我在上面实现了处理unicode字符,但是它给了我这样的错误。问题是什么,如何解决?
2 个解决方案
#1
66
Then I converted all integers to string,
然后我将所有整数转换为字符串,
You converted both integers and strings to byte strings. For strings this will use the default character encoding which happens to be ASCII, and this fails when you have non-ASCII characters. You want unicode
instead of str
.
将整数和字符串转换为字节字符串。对于字符串,这将使用默认的字符编码,这是ASCII码,当你有非ASCII字符时,这就失败了。你需要的是unicode而不是str。
self.writer.writerow([unicode(s).encode("utf-8") for s in row])
It might be better to convert everything to unicode before calling that method. The class is designed specifically for parsing Unicode strings. It was not designed to support other data types.
在调用该方法之前,最好将所有内容都转换为unicode。该类是专门为解析Unicode字符串而设计的。它不是为支持其他数据类型而设计的。
#2
2
From the documentation:
从文档:
- http://docs.python.org/library/stringio.html?highlight=cstringio#cStringIO.StringIO
- http://docs.python.org/library/stringio.html?highlight=cstringio cStringIO.StringIO
Unlike the StringIO module, this module is not able to accept Unicode strings that cannot be encoded as plain ASCII strings.
与StringIO模块不同,这个模块不能接受不能被编码为普通ASCII字符串的Unicode字符串。
I.e. only 7-bit clean strings can be stored.
即只有7位干净的字符串可以存储。
#1
66
Then I converted all integers to string,
然后我将所有整数转换为字符串,
You converted both integers and strings to byte strings. For strings this will use the default character encoding which happens to be ASCII, and this fails when you have non-ASCII characters.
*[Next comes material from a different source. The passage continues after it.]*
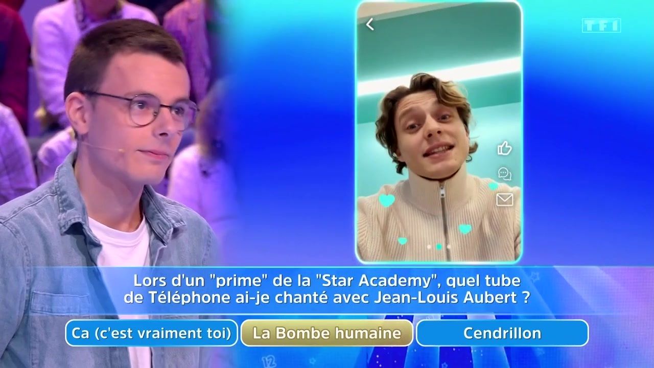 Tout semblait pour parfaitement ce dérouler ce jeudi 25 janvier 2025 dans Les 12 coups de midi. Emilien a éliminé ses adversaires et va tenter un nouveau coup de maître. Pour cela, il lui faut donner cinq bonnes réponses d'affilée. Après avoir répondu correctement aux deux premières questions, l'une sur la conjugaison française et l'autre de culture générale, voilà qu'apparait en visio Ulysse, candidat marquant de la dernière saison de la Star Academy. "Lors d'un prime de la Star Academy, quel tube de Téléphone ai-je chanté avec Jean-Louis Aubert" lui demande alors l'ancien académicien. Et Jean-Luc Reichmann d'ironiser sur le fait qu'Emilien a suivi tous les primes de l'émission (ce qui est totalement faux). C'est donc sans aucune conviction que le jeune champion répond "La bombe humaine". Erreur ! Car il s'agissait de "Ça (c'est vraiment toi)".
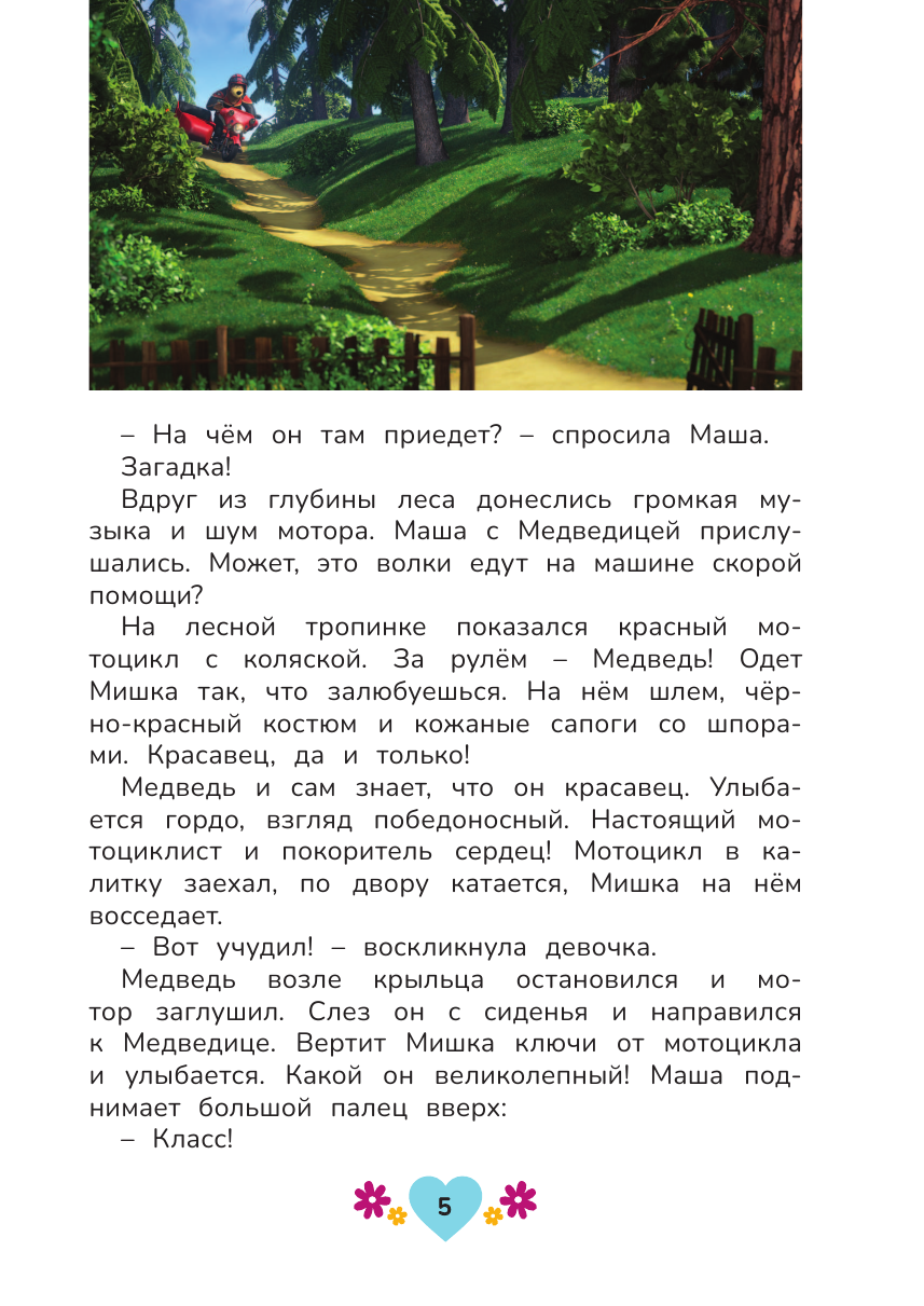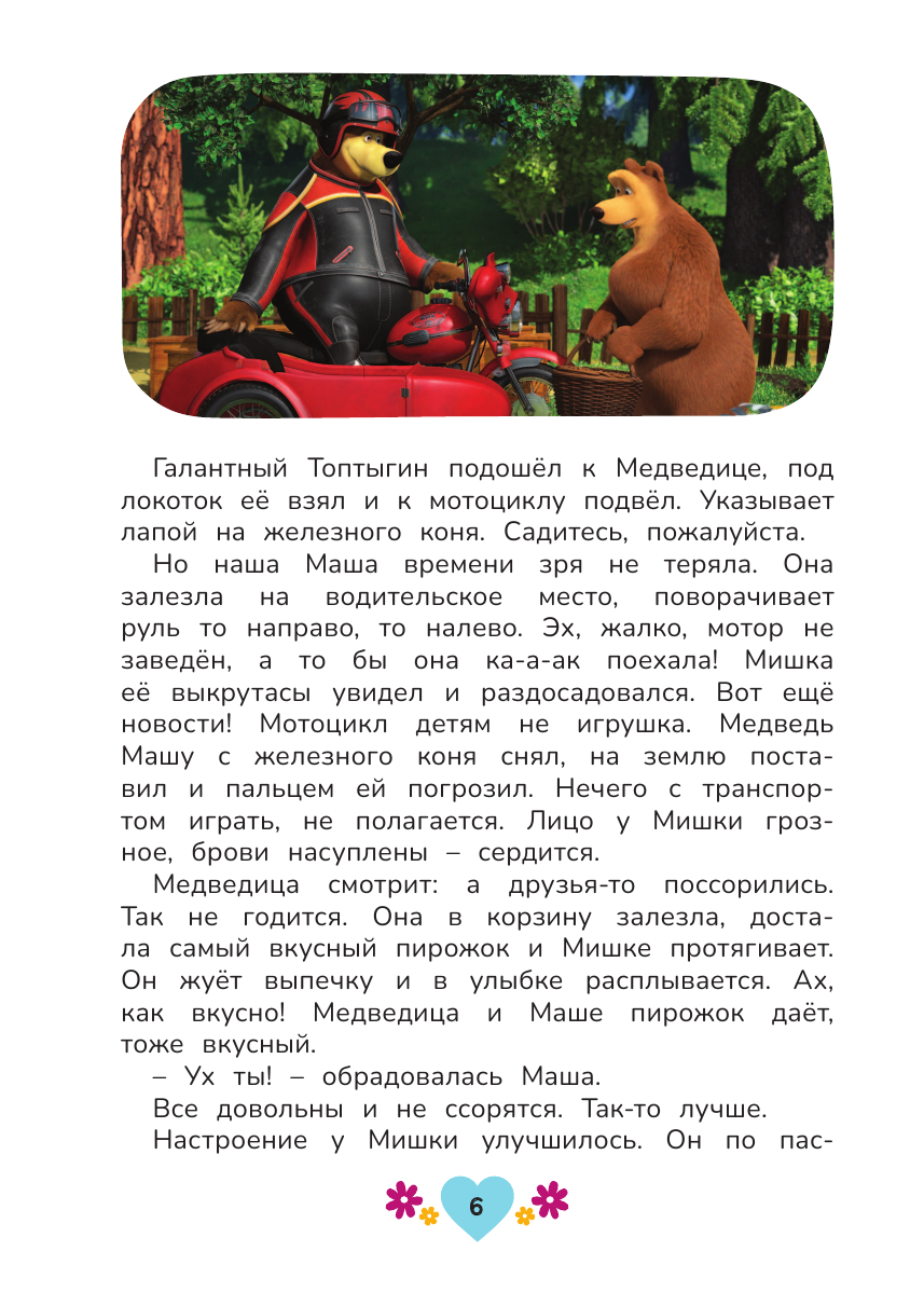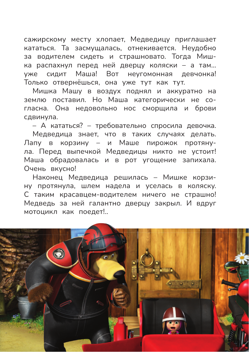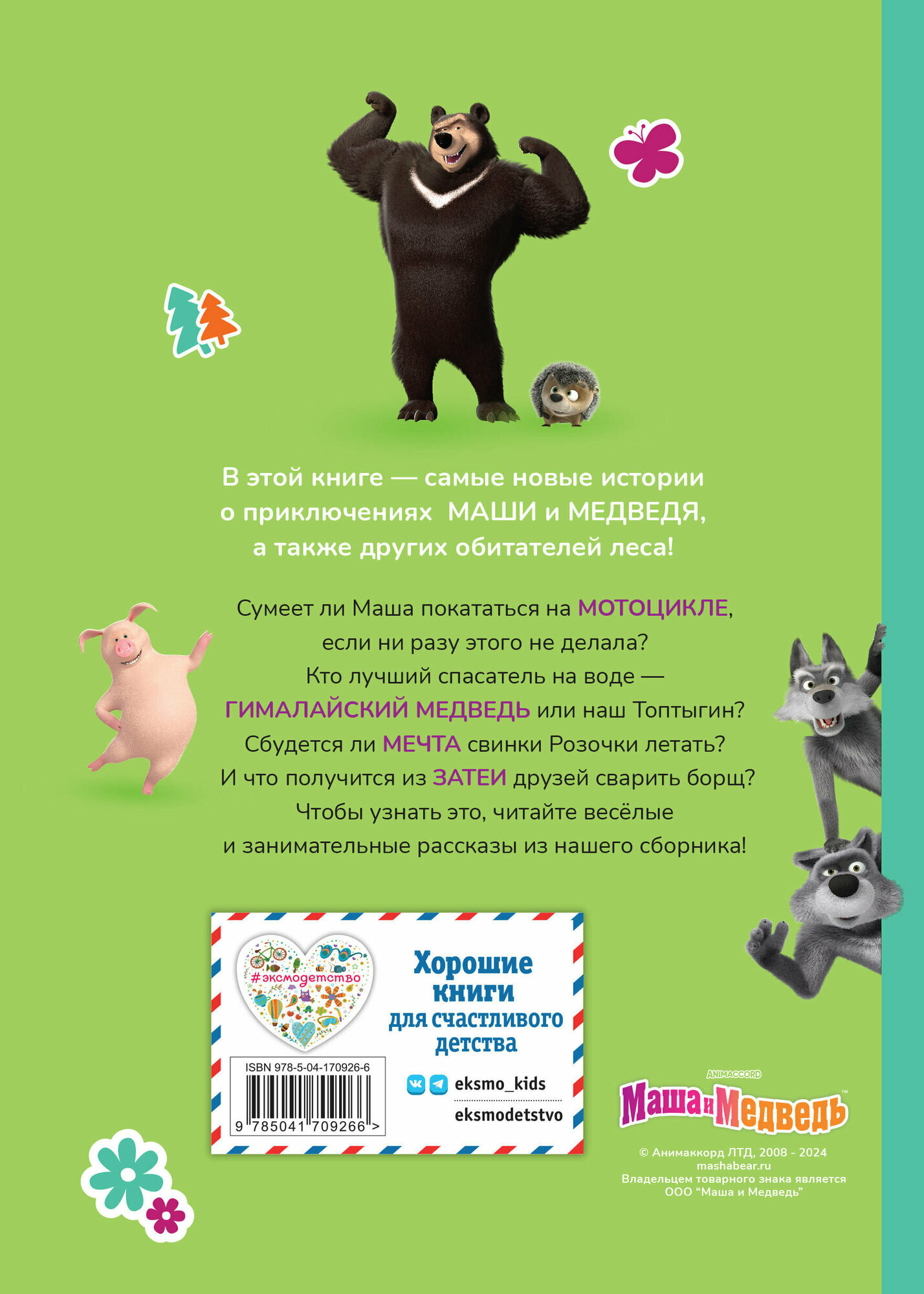 В книге собраны 5 увлекательных рассказов про Машу, Медведя и других обитателей леса. Сумеет ли Маша покататься на мотоцикле, если ни разу этого не делала? Кто лучший спасатель на воде – Гималайский медведь или наш Топтыгин? Сбудется ли мечта свинки Розочки летать? И что получится из затеи друзей сварить борщ? Чтобы узнать это, читайте весёлые и занимательные рассказы нашего сборника!

You want unicode
instead of str
.
将整数和字符串转换为字节字符串。对于字符串,这将使用默认的字符编码,这是ASCII码,当你有非ASCII字符时,这就失败了。你需要的是unicode而不是str。
self.writer.writerow([unicode(s).encode("utf-8") for s in row])
It might be better to convert everything to unicode before calling that method. The class is designed specifically for parsing Unicode strings. It was not designed to support other data types.
在调用该方法之前,最好将所有内容都转换为unicode。该类是专门为解析Unicode字符串而设计的。它不是为支持其他数据类型而设计的。
#2
2
From the documentation:
从文档:
- http://docs.python.org/library/stringio.html?highlight=cstringio#cStringIO.StringIO
- http://docs.python.org/library/stringio.html?highlight=cstringio cStringIO.StringIO
Unlike the StringIO module, this module is not able to accept Unicode strings that cannot be encoded as plain ASCII strings.
与StringIO模块不同,这个模块不能接受不能被编码为普通ASCII字符串的Unicode字符串。
I.e. only 7-bit clean strings can be stored.
即只有7位干净的字符串可以存储。